* **Assigned task**: Please return the data word for word and leave out any picture it contains.

* **Collection entries**:
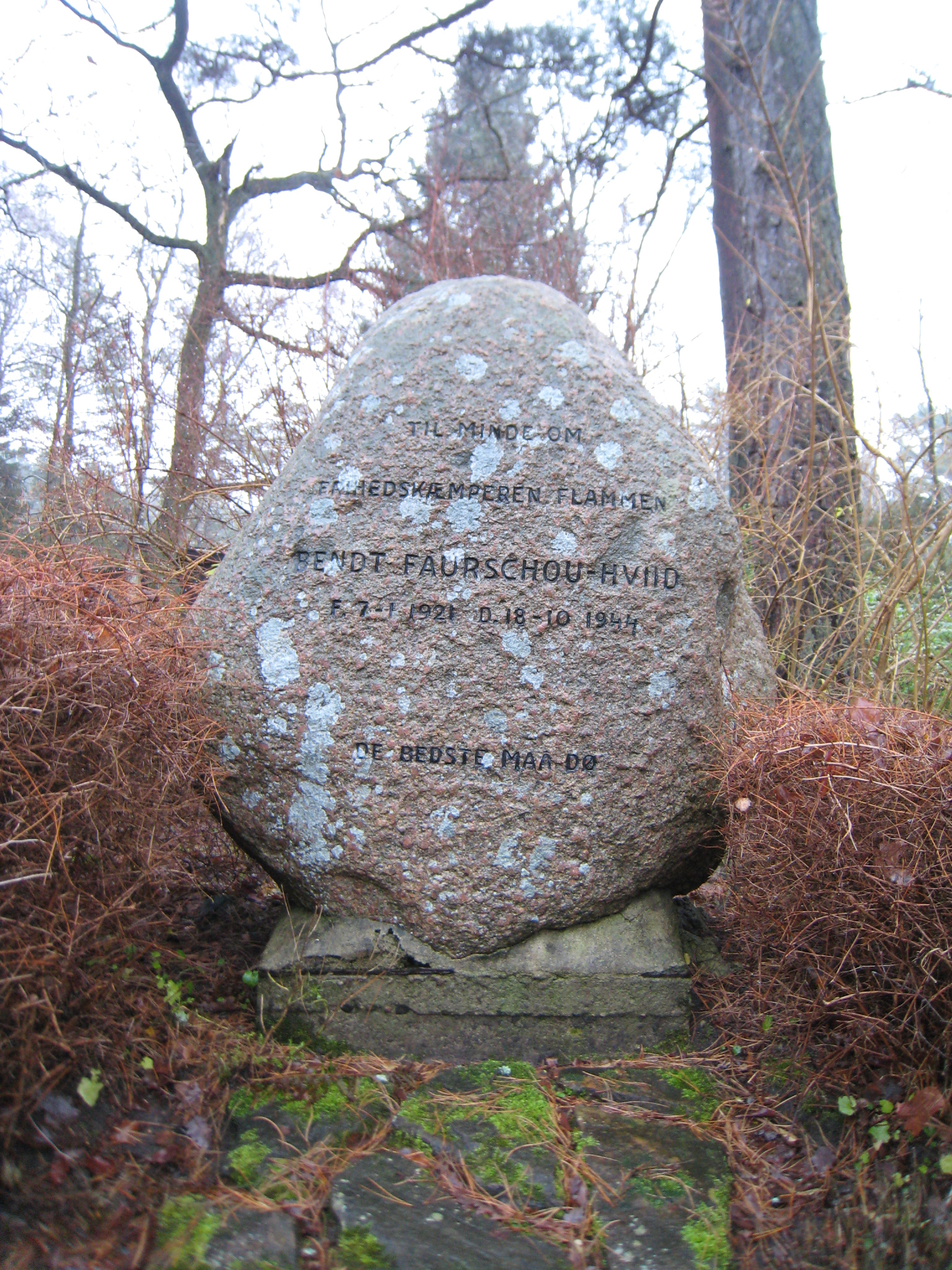 The memorial of the Danish member of the resistance movement during World War II, Bent Faurschou Hviid also known as 'Flammen' ('The Flame') "IN MEMORY OF THE FREEDOM FIGHTER 'FLAMMEN' BENDT FAURSCHOU-HVIID BORN 7-1 1921 DIED 18-10 1944 THE BEST MUST DIE"
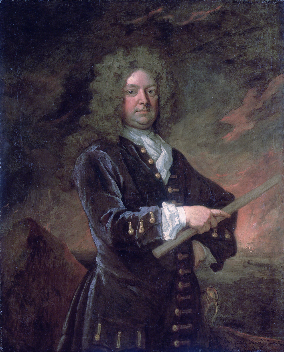 Vice-Admiral John Leake (1656-1720) oil on canvas 127 x 101.6 cm late 17th century - early 18th century
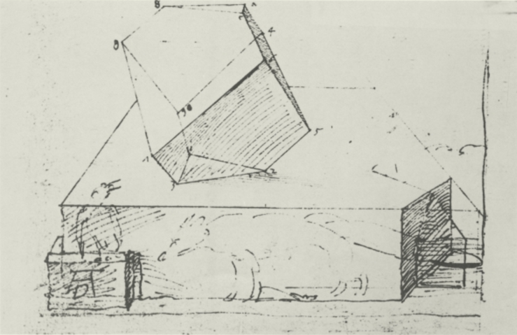 Preparatory sketch for the polyeder in Melencolia I by Albrecht Dürer. Pen and ink. Sachsische Landesbibliothek, Dresden.
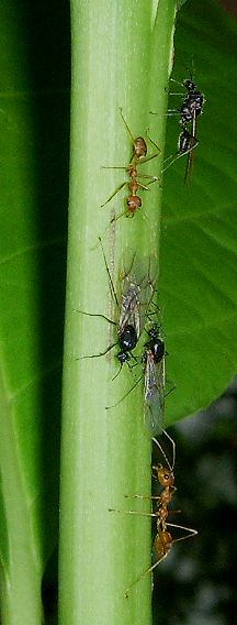 Oecophylla smaragdina males preparing for nuptial flight, Thailand.
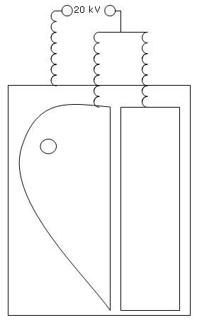 Nitrogen Laser. Composed from various sources on the Web and in the Journal on Scientific Instruments, by me using my computer. Nothing was electronically copied. Everthing was altered. 2005-08.
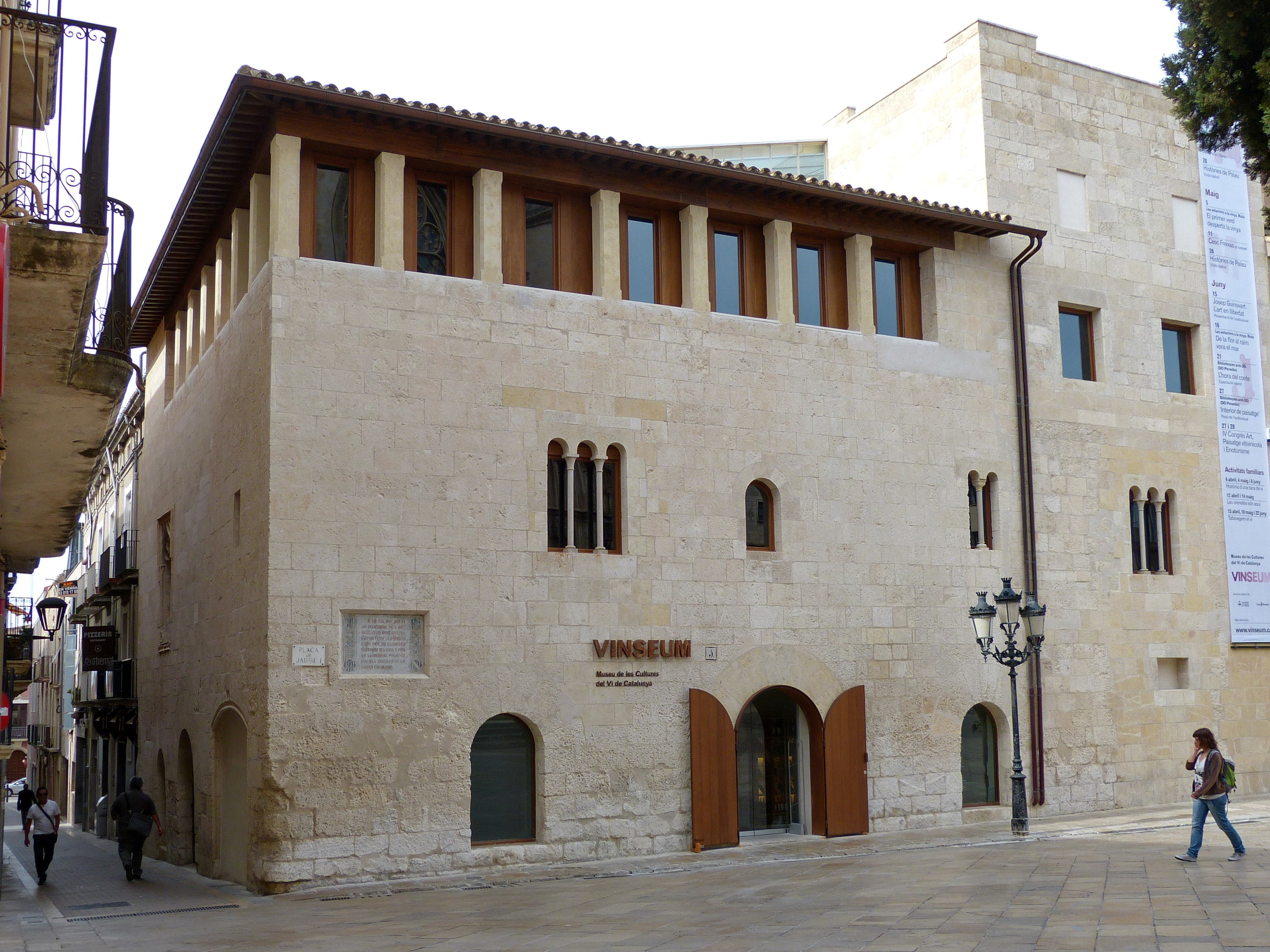 Royal Palace of Vilafranca del Penedès restored in 2012
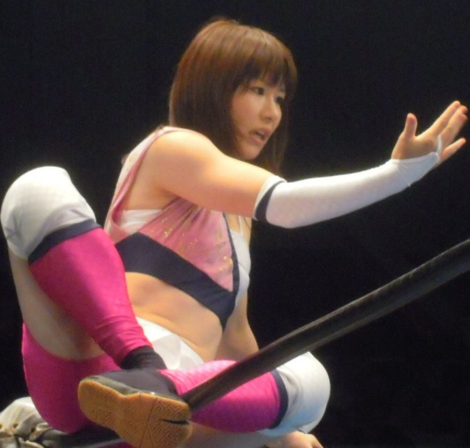 Japanese professional wrestler,Maki Narumiya. 21 Aug 2011 Ice Ribbon Korakuen Hall.
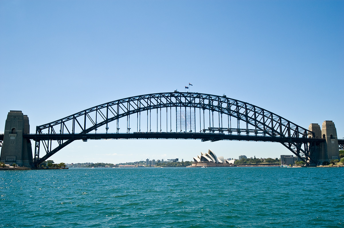 Bridge 2
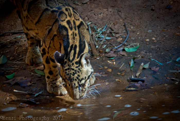 Clouded Leopard takes a drink at the Atlanta Zoo.
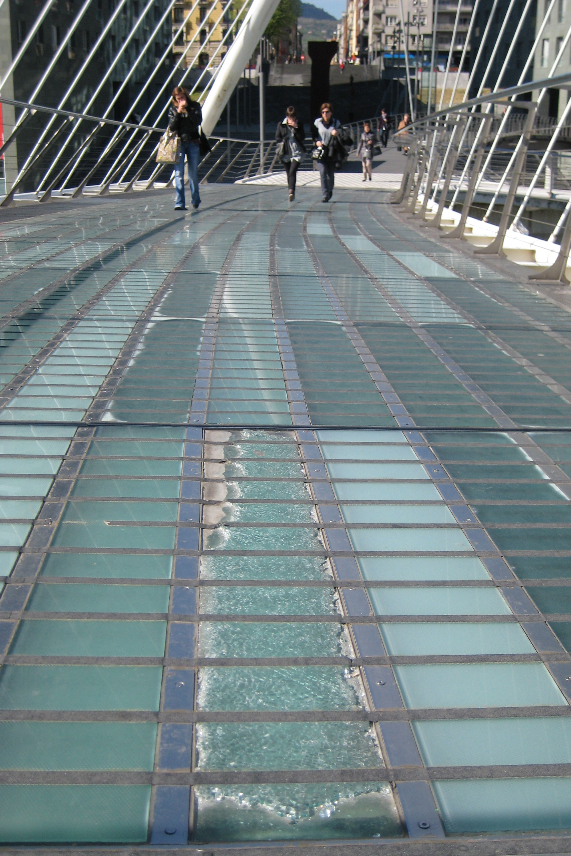 Glass tiles on Zubizuri bridge, Bilbao. One of them is broken, but it stays on the floor until the arrival of the replacement (having different shapes, there is not one replacement tile which fits in every position). Gary transversal lines are stripes sticked to the floor in order to prevent pedestrians to slip
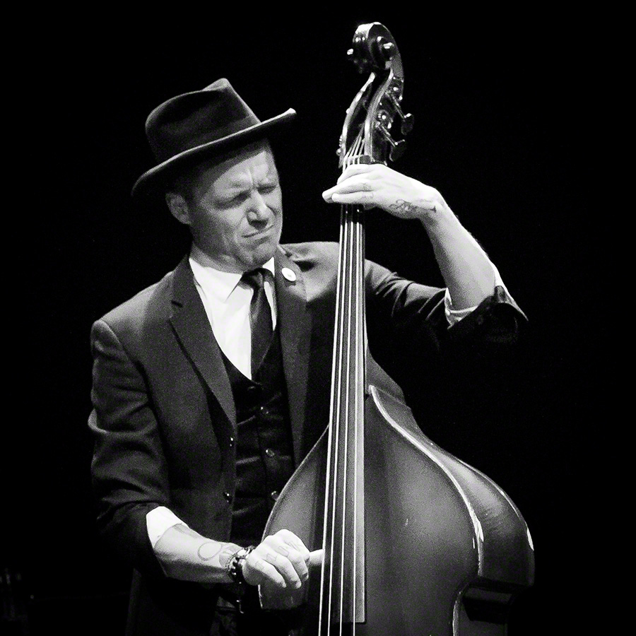 Wojtek Mazolewski Quintet performs at Cosmopolite Scene in Oslo. The quintet consists of Wojtek Mazolewski (double-bass), Oscar Torok (trumpet), Marek Pospieszalski (saxophone), Joanna Duda (piano, keyboards) og Qby Janicki (drums).
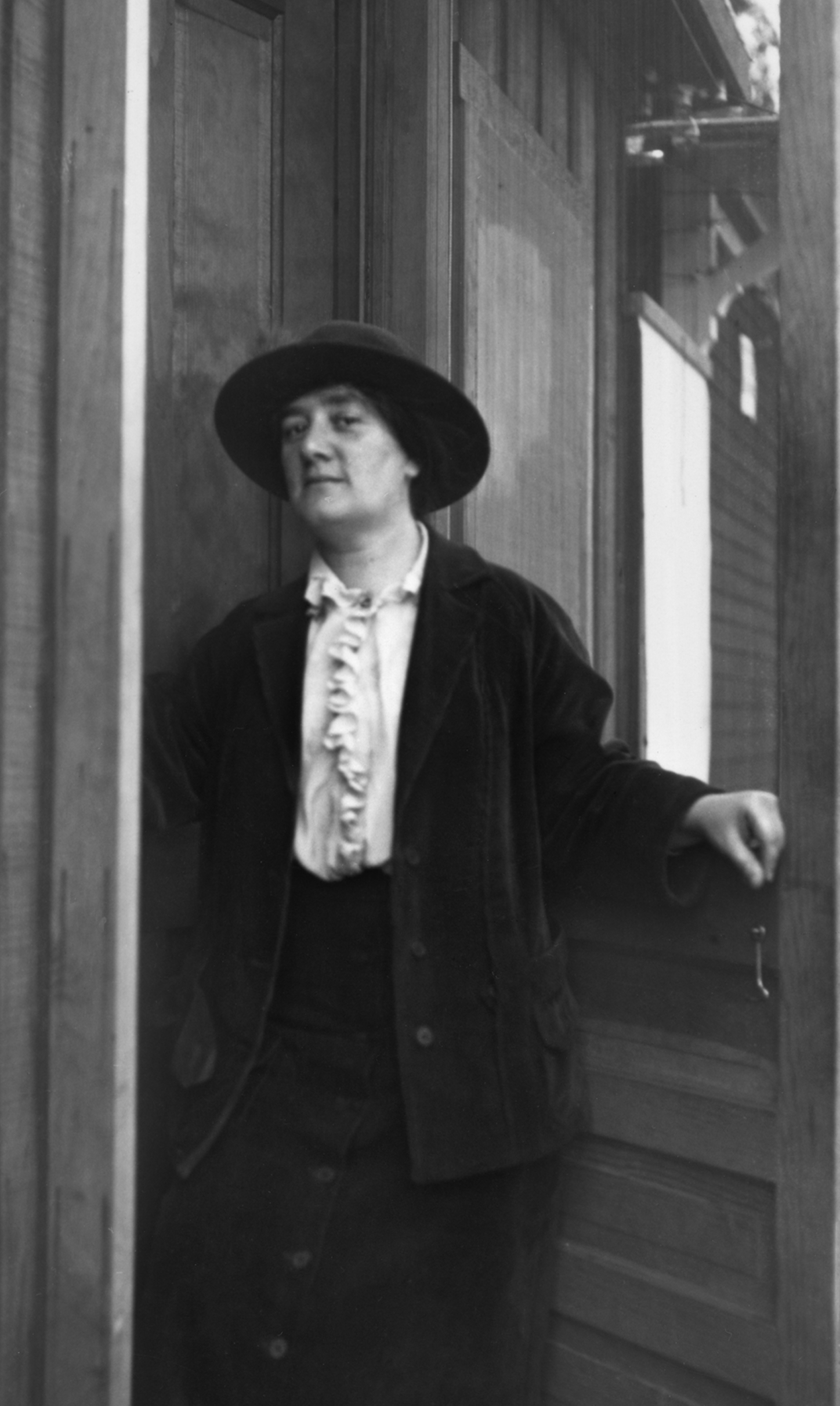 Margaret Turnbull, 42 years old
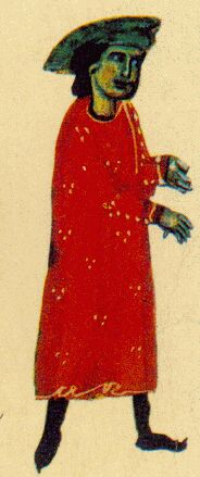 Raimbaut of Orange from a 13th-century chansonnier.

* **Your response**:
 The memorial of the Danish member of the resistance movement during World War II, Bent Faurschou Hviid also known as 'Flammen' ('The Flame') "IN MEMORY OF THE FREEDOM FIGHTER 'FLAMMEN' BENDT FAURSCHOU-HVIID BORN 7-1 1921 DIED 18-10 1944 THE BEST MUST DIE"
 Vice-Admiral John Leake (1656-1720) oil on canvas 127 x 101.6 cm late 17th century - early 18th century
 Preparatory sketch for the polyeder in Melencolia I by Albrecht Dürer. Pen and ink. Sachsische Landesbibliothek, Dresden.
 Oecophylla smaragdina males preparing for nuptial flight, Thailand.
 Nitrogen Laser. Composed from various sources on the Web and in the Journal on Scientific Instruments, by me using my computer. Nothing was electronically copied. Everthing was altered. 2005-08.
 Royal Palace of Vilafranca del Penedès restored in 2012
 Japanese professional wrestler,Maki Narumiya. 21 Aug 2011 Ice Ribbon Korakuen Hall.
 Bridge 2
 Clouded Leopard takes a drink at the Atlanta Zoo.
 Glass tiles on Zubizuri bridge, Bilbao. One of them is broken, but it stays on the floor until the arrival of the replacement (having different shapes, there is not one replacement tile which fits in every position). Gary transversal lines are stripes sticked to the floor in order to prevent pedestrians to slip
 Wojtek Mazolewski Quintet performs at Cosmopolite Scene in Oslo. The quintet consists of Wojtek Mazolewski (double-bass), Oscar Torok (trumpet), Marek Pospieszalski (saxophone), Joanna Duda (piano, keyboards) og Qby Janicki (drums).
 Margaret Turnbull, 42 years old
 Raimbaut of Orange from a 13th-century chansonnier.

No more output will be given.